Heh,  'cept it wouldn't be "gradient flow," in the sense that it's just circumstantial with some pattern we gotta deal with.  Not that you think so...just sayn'.   

The problem with the heights in the south is a global one.  It's vaster and longer than circumstantial to pattern(s). I can refer users/members/readers to lots of formal papers describing the Hadley Cell ballooning and encroaching into the lower Ferrel latitudes.
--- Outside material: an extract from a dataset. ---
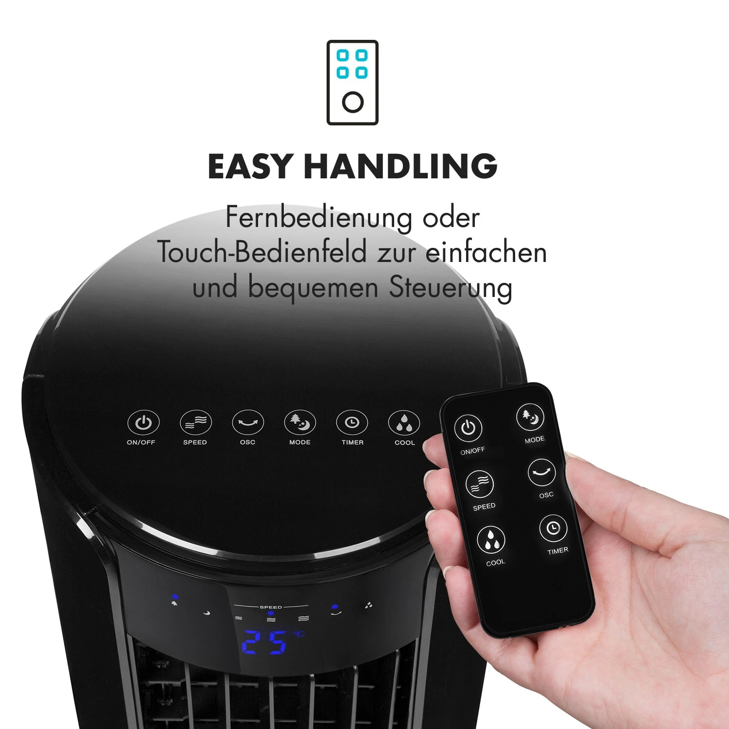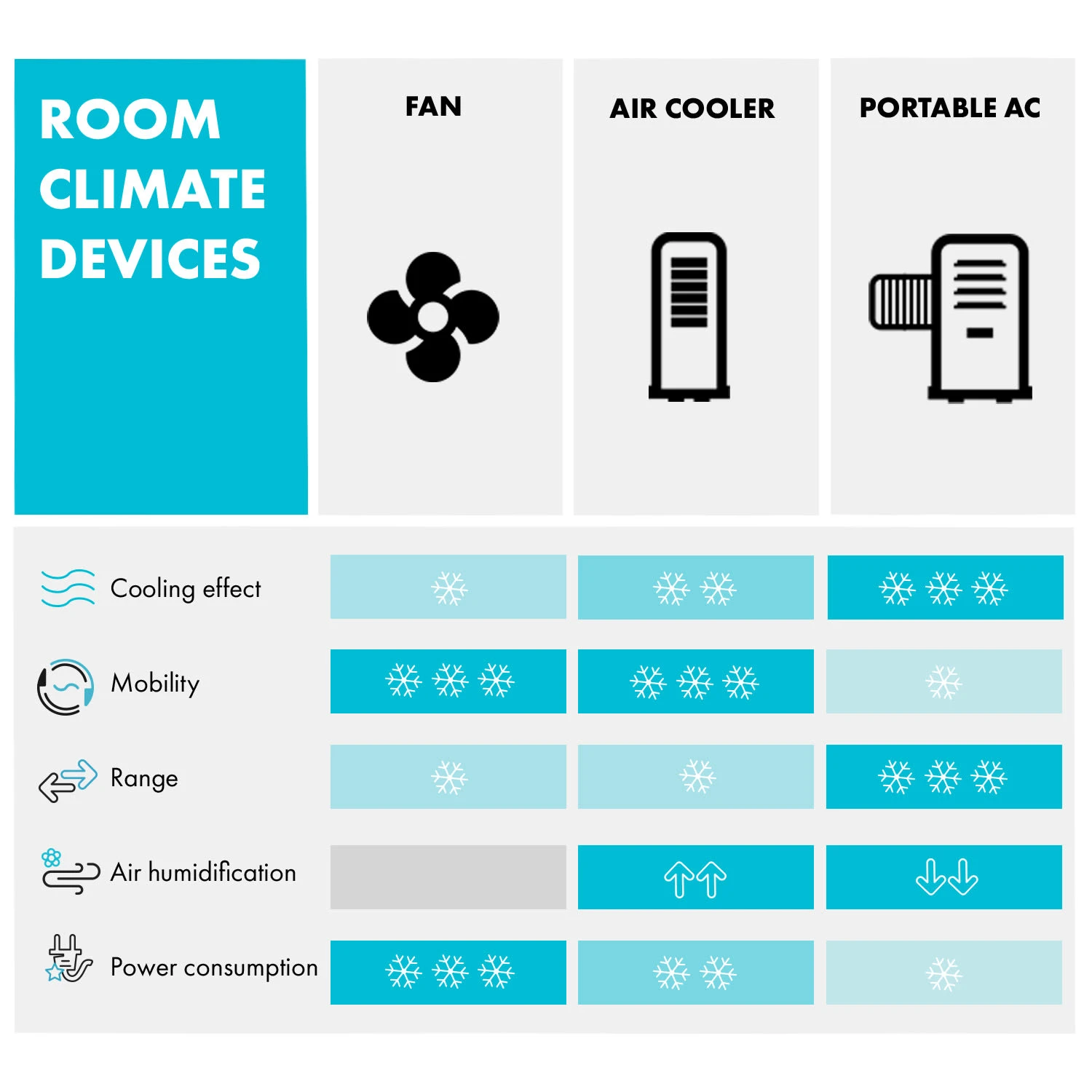 - Bitte beachte, dass es sich bei dem Gerät nicht um eine Klimaanlage handelt: Die Luftkühlung wird durch die Verdunstung von Wasser erzielt

I used to refer to this as the "Miami rule" back in the day, ..and it still works actually, even though I was blissfully unaware, then, that what I was observing was the early onset of the former.  I did a statistical analysis of east coast storms years ago ( talking 2002 or 2003 ), and found that 72 hours prior to the storm genesis ( usually when the governing mechanics are still not yet arrived/crossed the 100 W longitude ) if/when heights were > 582 DAM over Miami, and wind speeds were > than 35 kts, the Miami rule was in effect. Then, as the S/Ws succeeded that ~ 100 W their southern aspects began to absorb wave mechanics into the preexisting balanced upward wind anomaly.  The troughs tended to morph into a positive slope geometry ...and onward, this then of course mitigated cyclogen parametrics - not absolutely... Just in part.  But sometimes that part might be large, and mid range storms ended up weaker. 2001 March being foisted above the M/A and busting a lot of forecasts was a particular operational nightmare that might have been avoided if these markers were noted ( which they were in place  ) prior to the big vortex attempt by the models to plumb it through the M/A. It did, but distribution perturbed by the S-SE Hadley expression..etc..etc.   It depends also on other factors. None of this precludes storms. That's not the correct read. Its about morphology and in many cases, speed of events as they caught up in a concomitantly faster flow. Although I do believe slow moving juggernauts are rarefying in lieu of middling events in succession, as increasing in tendency. 

There's two types of ridging over the Gulf and Florida/adjacent SW Atlantic.  There is ephemeral ridging that rolls out ahead of deep troughs that are plunging toward TX. These heights may briefly rise, but don't usually have the attending > 35 kt geostrophic wind.  The other type is canvased and linked/rooted in Planetary events, and is there at all times.  This latter form, is the one that compresses and speeds up the flow as a rest state regardless, and is also an aspect of the swelling Hadley Cell. The other option is just have the damn HC over take our latitudes ( but I wonder if that is geo-physically even possible ..) but then winters are a thing of the past as we know them.